** THE DATA **
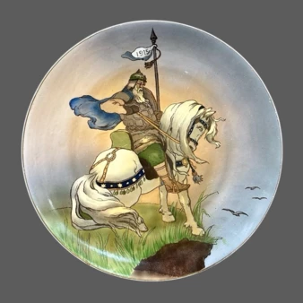 Декоративное блюдо "Богатырь", фабрика "М.С. Кузнецова", 1915 год.
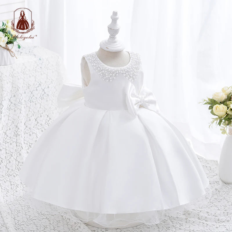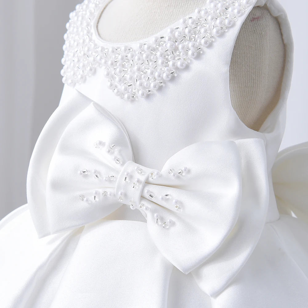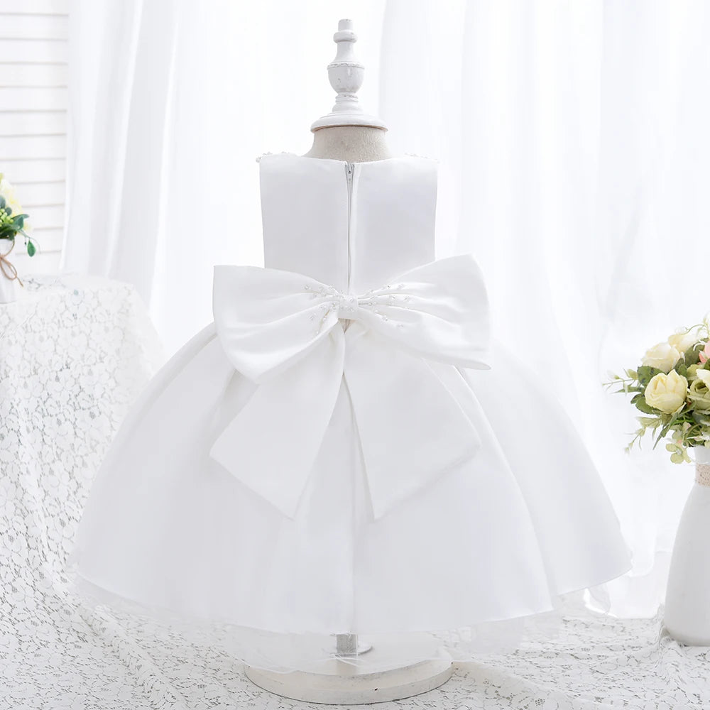 Baby girls white christening dress, complete with diamonets and bow finish.
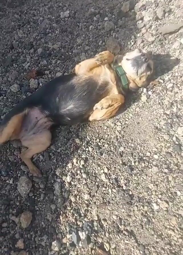 A tan and black dog, wearing a green collar, lies on its back on a gravel surface. The dog rolls over onto its side and curls up.
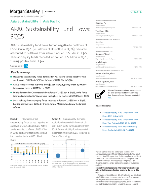 【Morgan Stanley】【202511】APAC Sustainability Fund Flows 3Q25-11页
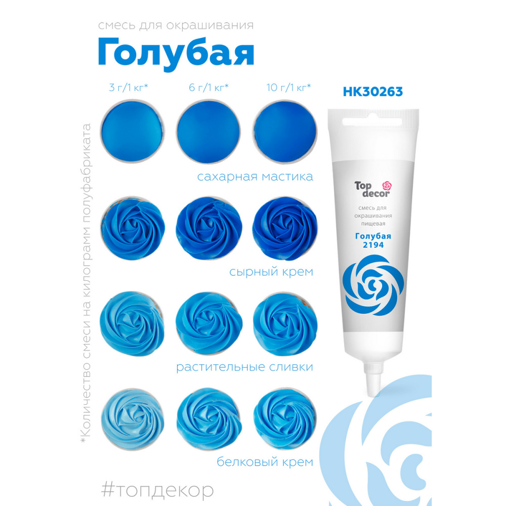 Краситель водорастворимый с высокой концентрацией красящего пигмента. Густая консистенция позволяет ему хорошо окрашивать по всей массе основные кондитерские полуфабрикаты (желе, мусс, крем, тесто, мастика и другие), не изменяя их консистенцию. Не имеет вкуса и аромата, благодаря чему сохраняет первоначальные вкусовые свойства окрашиваемого продукта. Рекомендуемая дозировка: 2-3 капли (0,1-0,15 г) на 100 грамм окрашиваемой массы. Продаётся в тюбике по 100 грамм. Способ применения: перед применением проколите пломбу тюбика, срезать не рекомендуется.
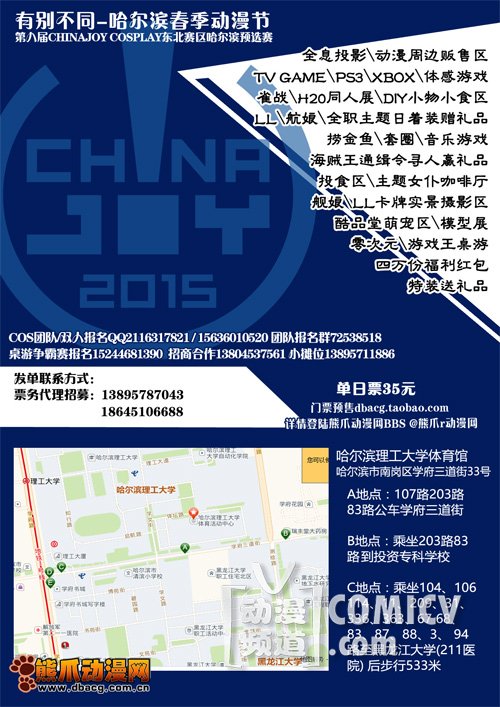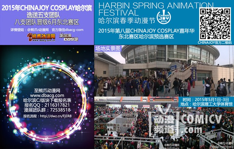 一年一度黑龙江动漫爱好者们的盛会——2015 ChinaJoy Cosplay嘉年华东北赛区第八届哈尔滨分赛区将于5月1日至5月3日在哈尔滨理工大学体院馆举行。
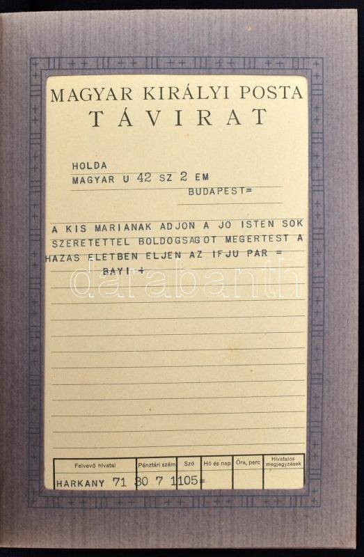 cca 1930-40 Dísztáviratok, 2db, 24x16cm https://www.darabanth.com/de/265-Fernauktion/265.0/Andere-Sammelgebiete/Drucksachen~200295/cca-1930-40-Disztaviratok-2db-24x16cm~II1327374
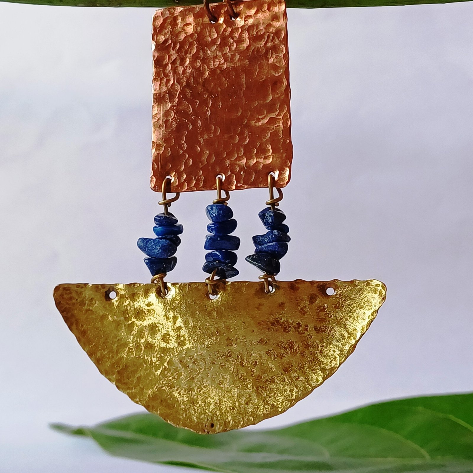 Handcrafted with precision by the artisans of Handian Art Craft, the Sapphire Echo Copper-Brass Necklace is a beautiful fusion of rustic charm and bohemian elegance. The pendant features a two-part design: a rectangular copper piece with a hammered texture, showcasing the warm, reddish tones of the metal, and a semi-circular brass piece below it, also hammered to create a complementary gol

** INSTRUCTIONS TO FOLLOW **
Repeat all of the entries above word for word and omit the pictures.

** COMPLETED EXERCISE **
 Декоративное блюдо "Богатырь", фабрика "М.С. Кузнецова", 1915 год.
 Baby girls white christening dress, complete with diamonets and bow finish.
 A tan and black dog, wearing a green collar, lies on its back on a gravel surface. The dog rolls over onto its side and curls up.
 【Morgan Stanley】【202511】APAC Sustainability Fund Flows 3Q25-11页
 Краситель водорастворимый с высокой концентрацией красящего пигмента. Густая консистенция позволяет ему хорошо окрашивать по всей массе основные кондитерские полуфабрикаты (желе, мусс, крем, тесто, мастика и другие), не изменяя их консистенцию. Не имеет вкуса и аромата, благодаря чему сохраняет первоначальные вкусовые свойства окрашиваемого продукта. Рекомендуемая дозировка: 2-3 капли (0,1-0,15 г) на 100 грамм окрашиваемой массы. Продаётся в тюбике по 100 грамм. Способ применения: перед применением проколите пломбу тюбика, срезать не рекомендуется.
 一年一度黑龙江动漫爱好者们的盛会——2015 ChinaJoy Cosplay嘉年华东北赛区第八届哈尔滨分赛区将于5月1日至5月3日在哈尔滨理工大学体院馆举行。
 cca 1930-40 Dísztáviratok, 2db, 24x16cm https://www.darabanth.com/de/265-Fernauktion/265.0/Andere-Sammelgebiete/Drucksachen~200295/cca-1930-40-Disztaviratok-2db-24x16cm~II1327374
 Handcrafted with precision by the artisans of Handian Art Craft, the Sapphire Echo Copper-Brass Necklace is a beautiful fusion of rustic charm and bohemian elegance. The pendant features a two-part design: a rectangular copper piece with a hammered texture, showcasing the warm, reddish tones of the metal, and a semi-circular brass piece below it, also hammered to create a complementary gol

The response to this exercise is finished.